## [Problem details]
Leaving out pictures, output exactly the lines below from the one that has "Le graphique ci" through the one that has "Callie Cotton Jacquard", and nothing else.

## [Provided records]
+ + +
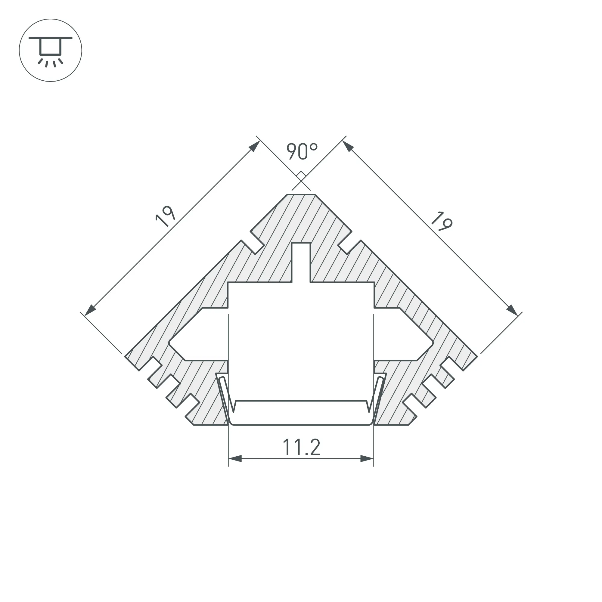 Алюминиевый анодированный угловой профиль для светодиодных лент и линеек. Габаритные размеры (L×W×H): 3000x19x19 мм. Ширина площадки для ленты 11,2 мм. Экраны, заглушки и другие аксессуары приобретаются отдельно. Цена за 1 метр.
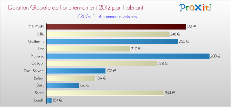 Le graphique ci dessous indique la Dotation Globale de Fonctionnement accordée par habitant à Cruguel en 2012 par rapport aux communes voisines.
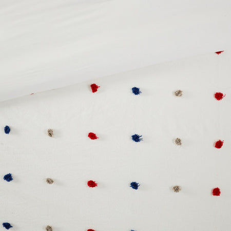 Callie Cotton Jacquard Pom Pom Comforter Set - Red / Navy - Twin Size
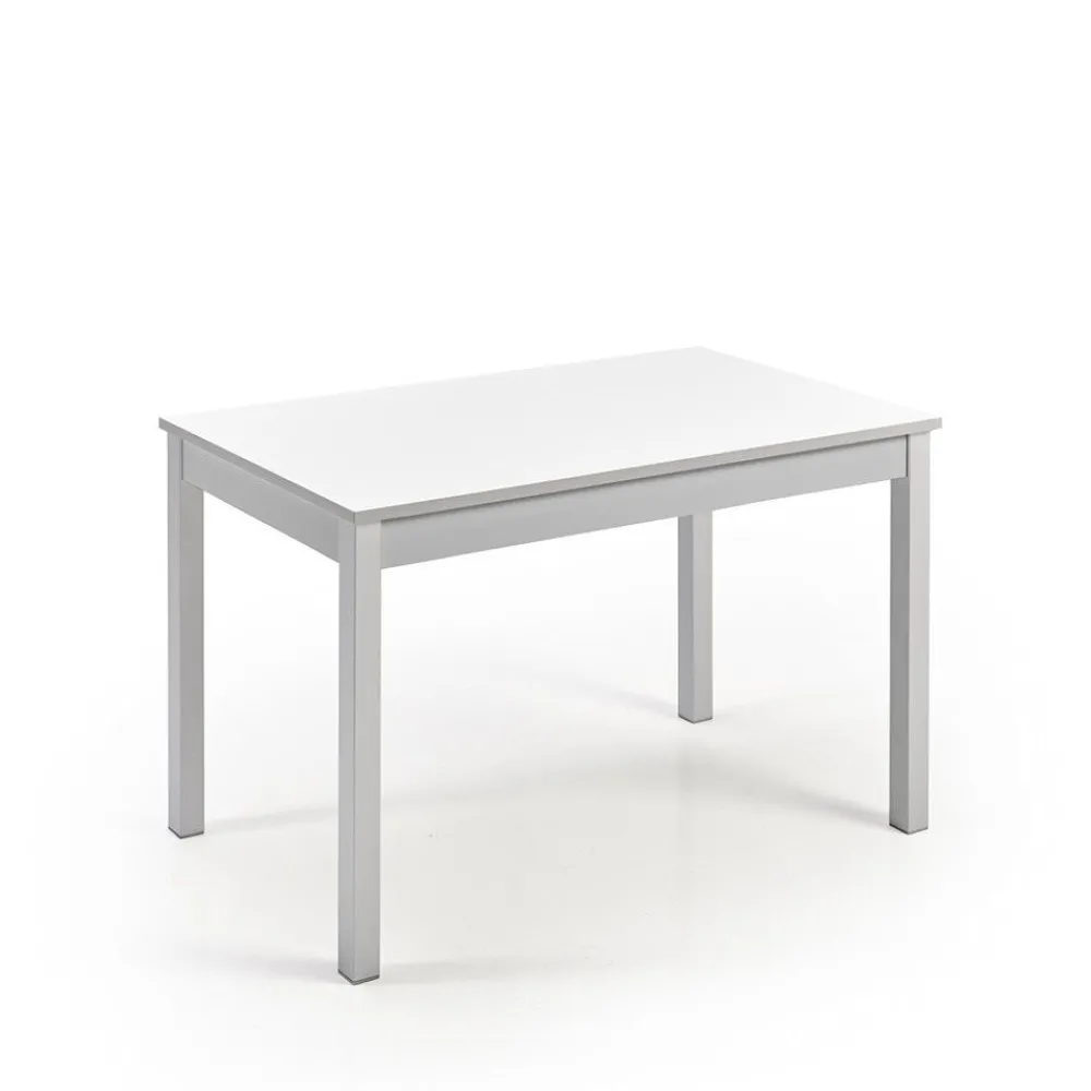 Una mesa de salón o una mesa de cocina, por su diseño moderno y minimalista, la puedes usar donde quieres. Disponible en dos tamaños, es una mesa resistente y duradera, con encimera en laminado blanco y armazón en laminado aluminio. Las patas son metálicas y puedes elegir su color entre aluminio y blanco texturizado.
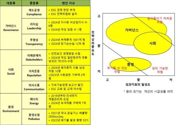 ◇ 2024년 ESG 경영 2차 평가... ESG 추진 방향 및 체계 수립했으나 경영헌장은 부재
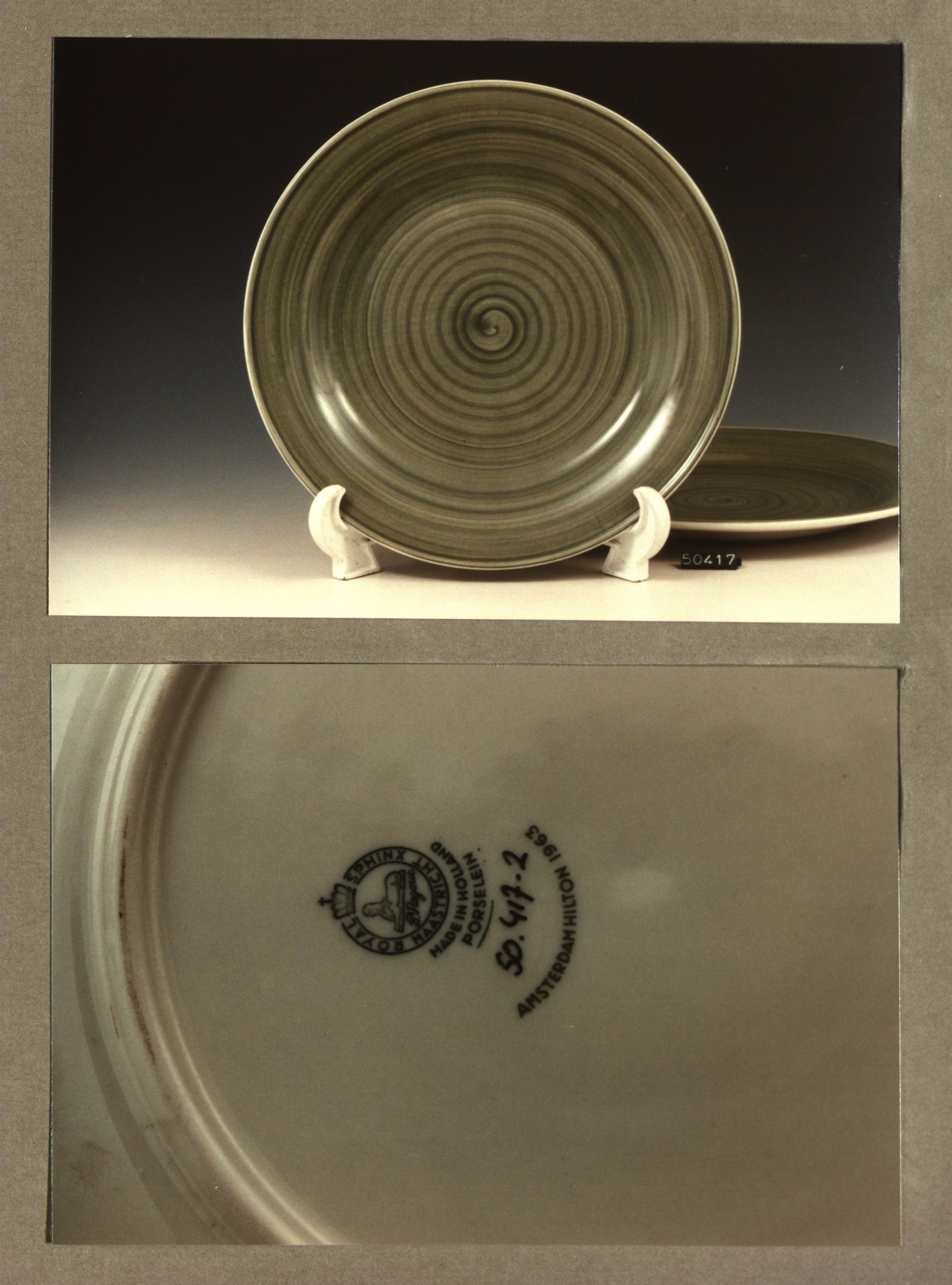 Plat bord, model H/monster met decor Hilton hotel Am...
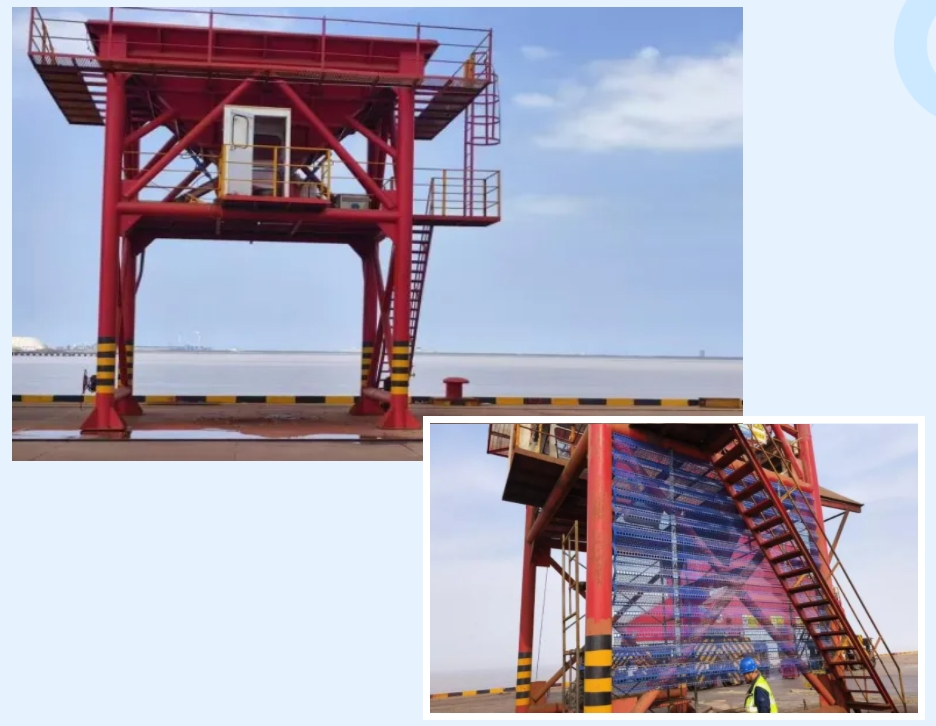 成果展示:该平台结构简单实用,通过循环水系统对进出港口的运输车辆进行全方位冲洗,确保车辆干净整洁,进一步提升运输全程的环保水平,减少车辆带泥上路和扬尘污染。自制洗车平台投入使用后,不仅节省了采购成本,而且减少了50%的道路打扫频次,极大地降低了人力成本。
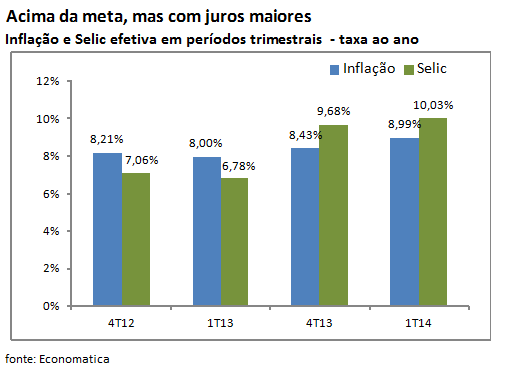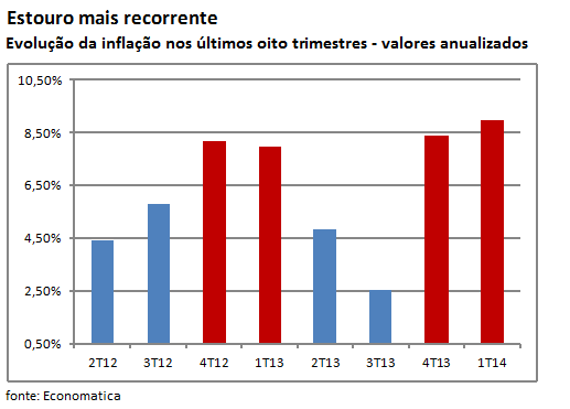A inflação superou o teto da meta de 6,5% ao ano em quatro dos últimos oito trimestres. É a primeira vez que isso ocorre desde 2005, quando o Banco Central passou a perseguir a taxa de 4,5% ao ano.
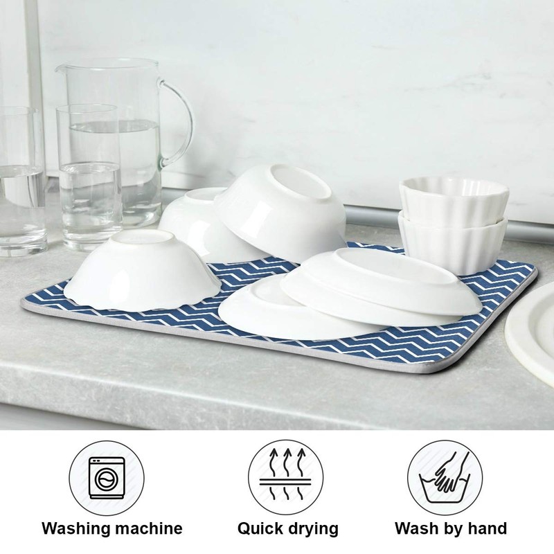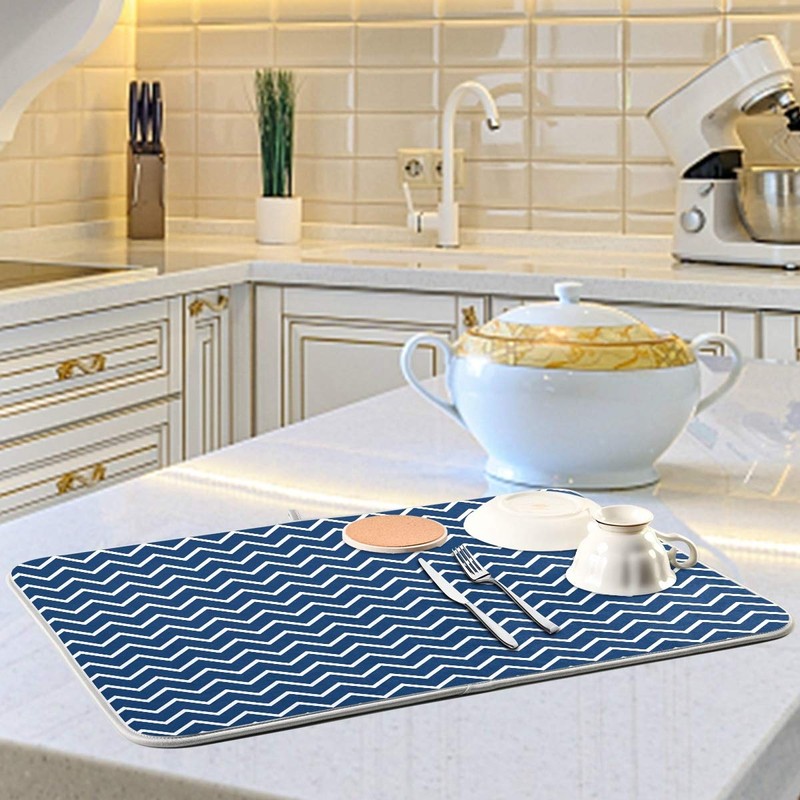 Nautical Navy Stripes Dish Drying Mat for Kitchen, Absorbent Microfiber Drying Pad Dish Mat, 24" X 18"
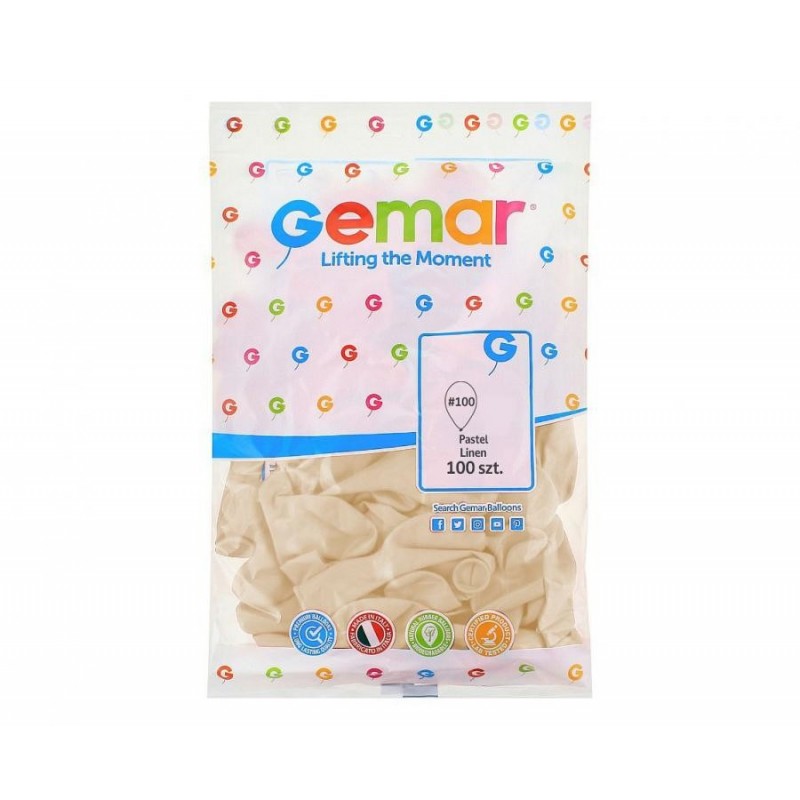 Balony Gemar 30 cm - 12" - pastelowe lniane Linen G110/106 - 100 sztuk
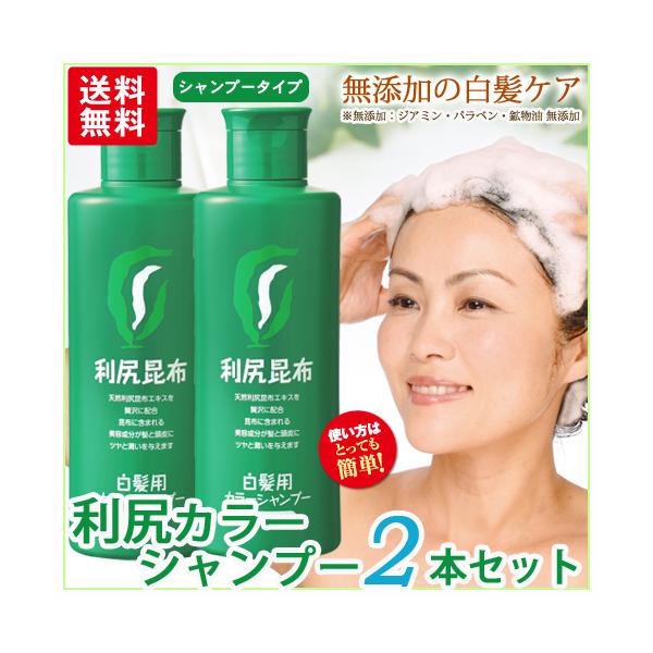 利尻カラーシャンプー2本セット シャンプーで白髪染め 27種類の植物エキスで髪 頭皮に優しい 利尻昆布エキス 利尻ヘアカラートリートメントとあわせ使い
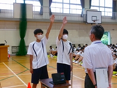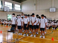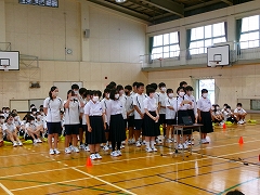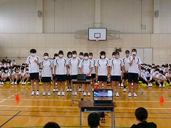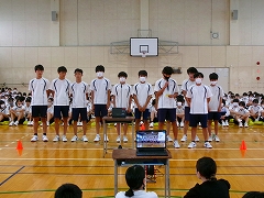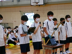 本日の6限目に、中体連三泗予選大会、NHK音楽コンクール、三重県吹奏楽コンクール、科学の甲子園ジュニア三重県大会の壮行会、および、文化部の活動報告会を行いました。
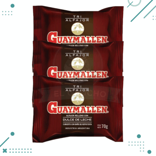 Alfajor Guaymallen TRIPLE negro, relleno con Dulce de Leche, con baño de Repostería de Chocolate (70gr)(Pack de 3u.)(210gr)
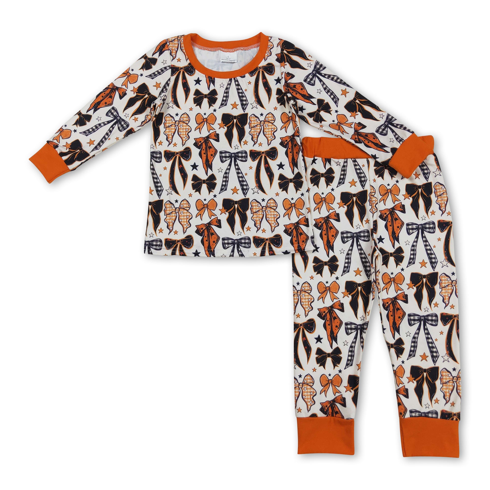 Orange black bows long sleeves kids girls Halloween pajamas
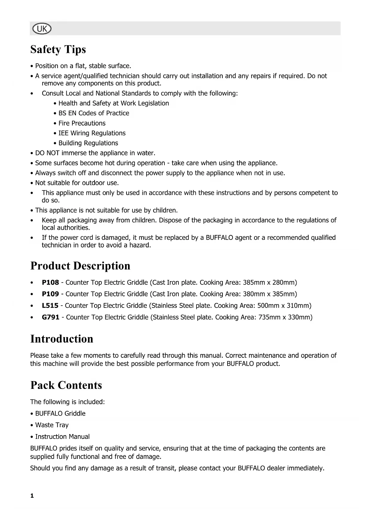 - G791 - Counter Top Electric Griddle (Stainless Steel plate. Cooking Area: 735mm x 330mm) Introduction Please take a few moments to carefully read through this manual. Correct maintenance and operation of this machine will provide the best possible performance from your BUFFALO product. Pack Contents The following is included:
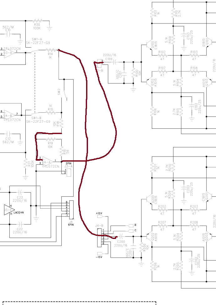 Уважаемые! Разбираюсь со схемой своего усилителя Такой вопрос почему один канал идет напрямую а второй чрез ОУ?
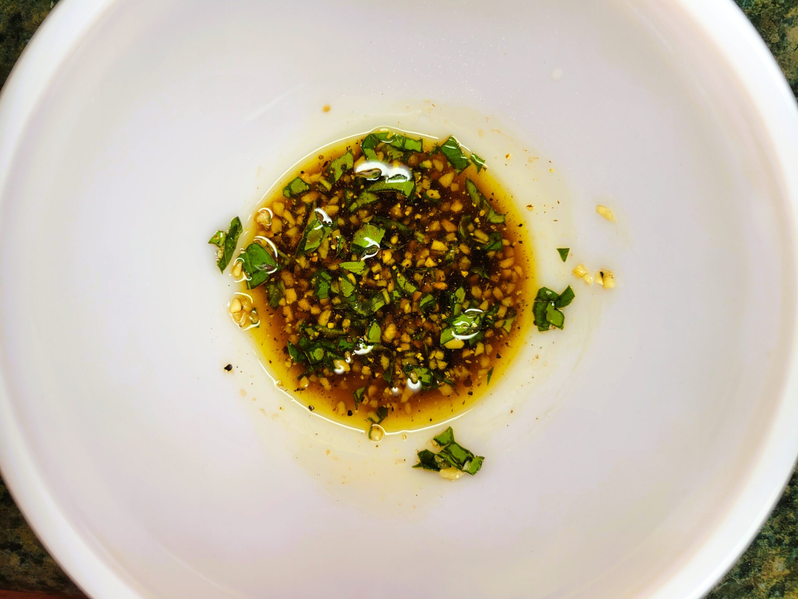 In a small bowl combine: 1 tablespoon of extra virgin olive oil, 2 tablespoons of balsamic vinegar, 1 clove of minced garlic and finely chopped basil leaves.
+ + +
## [Solution to the problem]
 Le graphique ci dessous indique la Dotation Globale de Fonctionnement accordée par habitant à Cruguel en 2012 par rapport aux communes voisines.
 Callie Cotton Jacquard Pom Pom Comforter Set - Red / Navy - Twin Size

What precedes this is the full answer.